**Problem requirements**
Having located "リプレイの停止形は全部で4種", write out its line and the remaining lines of the material exactly, the last one included, but not the pictures.

**Input data**
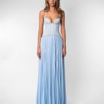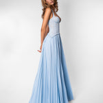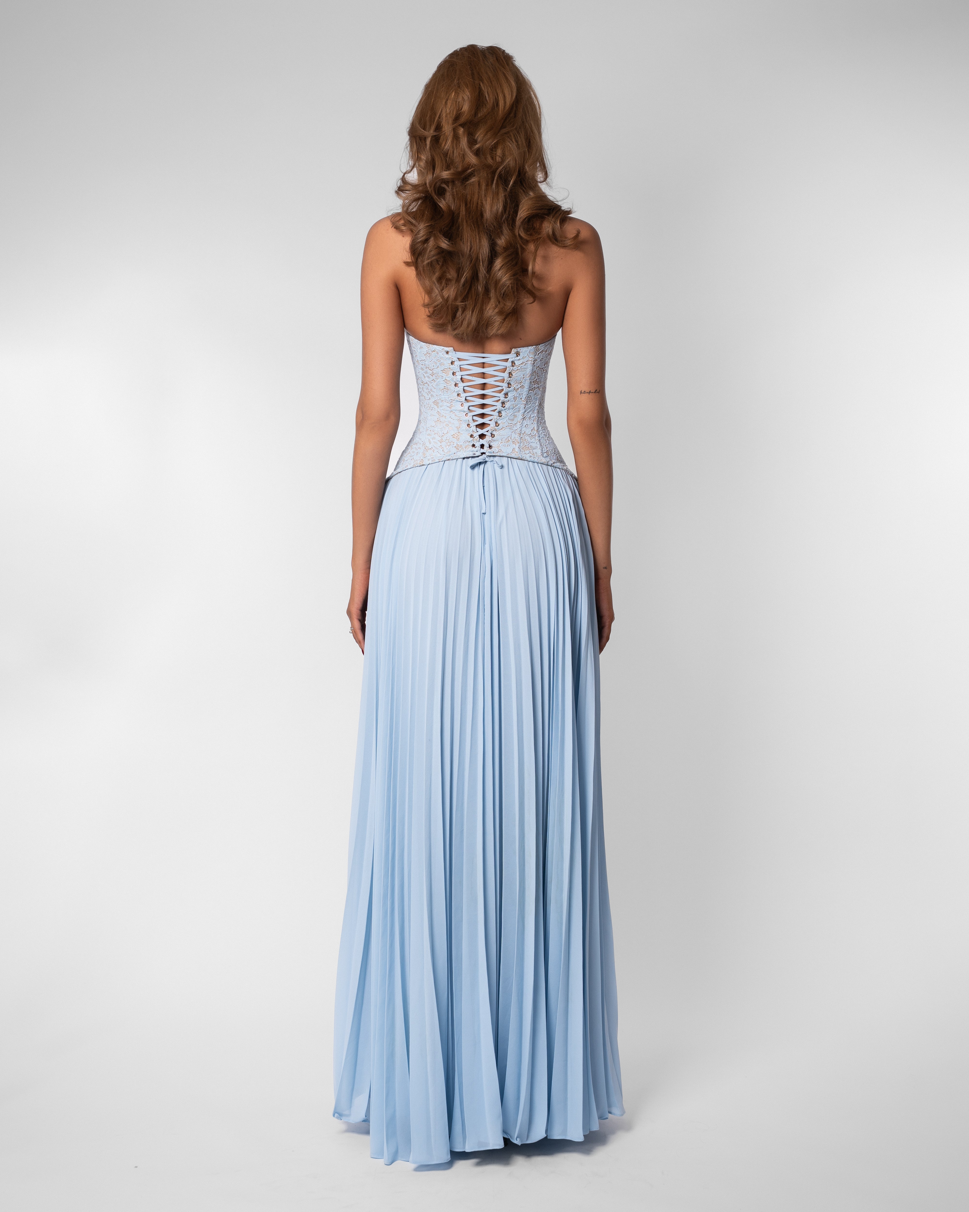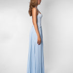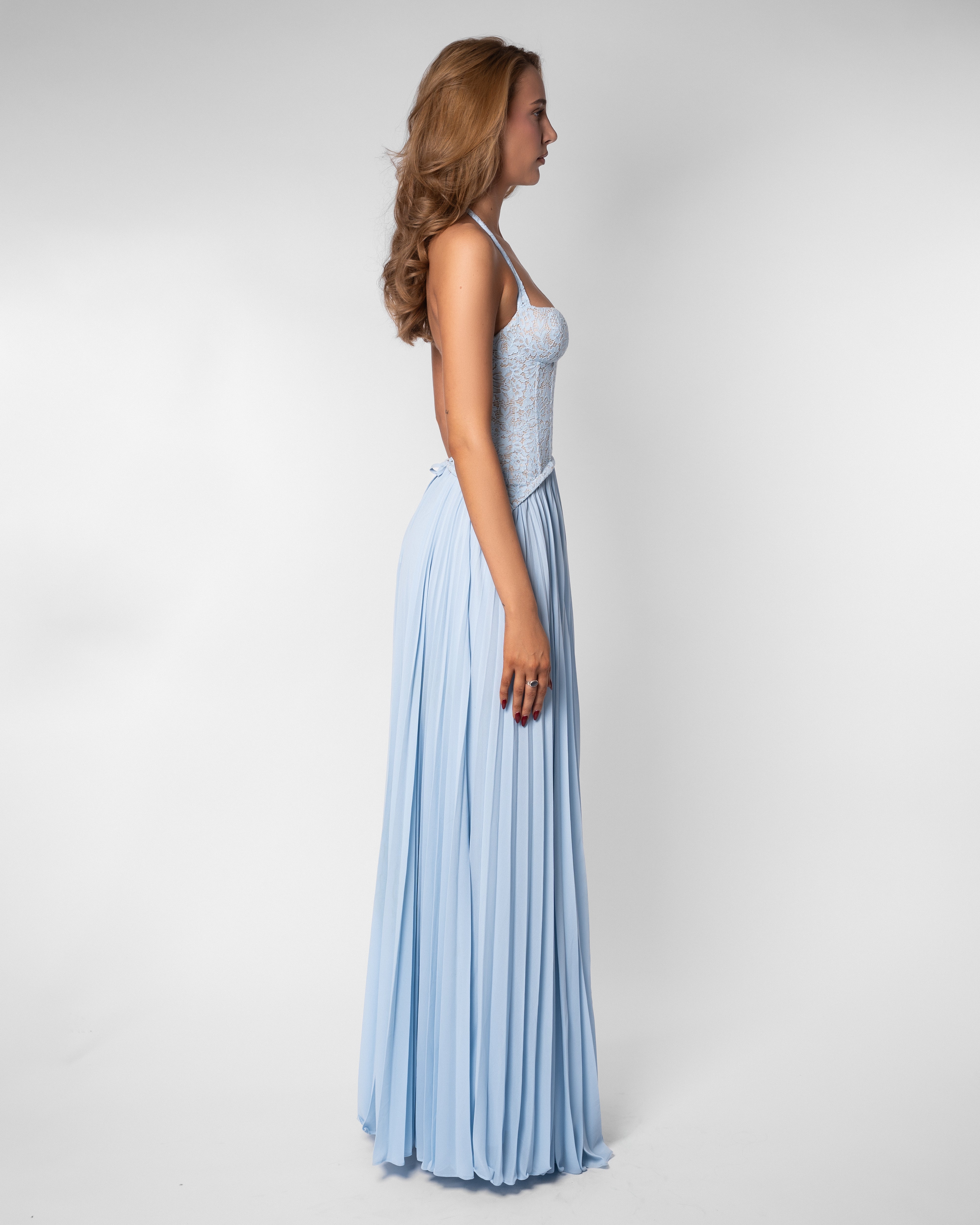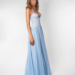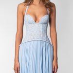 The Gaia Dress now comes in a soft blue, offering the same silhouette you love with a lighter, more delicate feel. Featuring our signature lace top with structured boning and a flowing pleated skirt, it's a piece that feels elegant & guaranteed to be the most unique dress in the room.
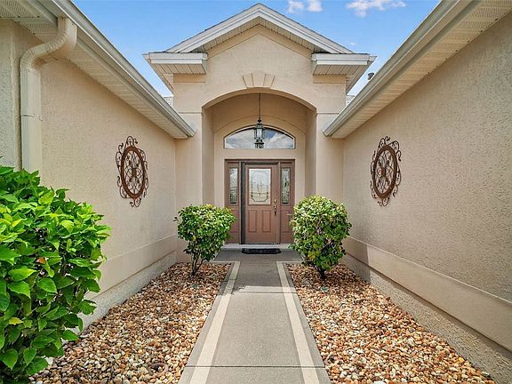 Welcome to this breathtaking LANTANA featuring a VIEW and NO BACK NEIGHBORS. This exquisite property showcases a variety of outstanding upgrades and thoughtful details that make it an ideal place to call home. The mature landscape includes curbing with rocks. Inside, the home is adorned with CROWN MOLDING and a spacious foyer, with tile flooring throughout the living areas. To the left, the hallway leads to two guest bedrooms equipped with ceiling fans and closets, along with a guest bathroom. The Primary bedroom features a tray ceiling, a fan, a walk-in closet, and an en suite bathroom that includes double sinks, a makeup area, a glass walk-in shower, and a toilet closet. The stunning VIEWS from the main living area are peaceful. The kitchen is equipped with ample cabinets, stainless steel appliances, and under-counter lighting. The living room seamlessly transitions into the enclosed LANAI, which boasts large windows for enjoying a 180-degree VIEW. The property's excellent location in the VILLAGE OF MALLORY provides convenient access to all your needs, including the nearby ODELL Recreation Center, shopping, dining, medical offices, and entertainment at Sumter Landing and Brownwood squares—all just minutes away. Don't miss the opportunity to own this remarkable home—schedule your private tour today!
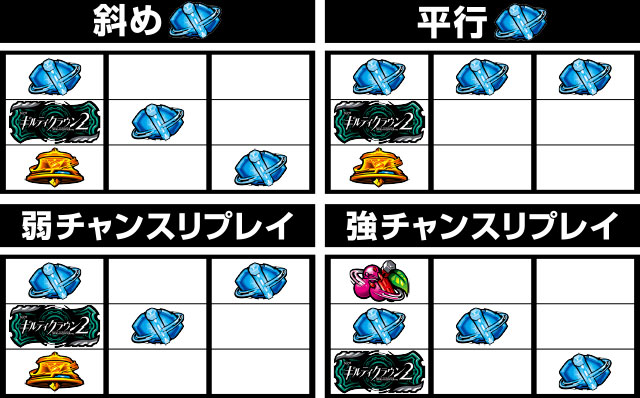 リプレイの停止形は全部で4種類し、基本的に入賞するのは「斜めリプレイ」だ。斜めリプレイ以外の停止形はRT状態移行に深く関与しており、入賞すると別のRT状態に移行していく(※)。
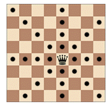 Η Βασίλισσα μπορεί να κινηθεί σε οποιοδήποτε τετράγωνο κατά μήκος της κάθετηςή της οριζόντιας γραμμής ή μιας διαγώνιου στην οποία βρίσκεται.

**Exercise response**
 リプレイの停止形は全部で4種類し、基本的に入賞するのは「斜めリプレイ」だ。斜めリプレイ以外の停止形はRT状態移行に深く関与しており、入賞すると別のRT状態に移行していく(※)。
 Η Βασίλισσα μπορεί να κινηθεί σε οποιοδήποτε τετράγωνο κατά μήκος της κάθετηςή της οριζόντιας γραμμής ή μιας διαγώνιου στην οποία βρίσκεται.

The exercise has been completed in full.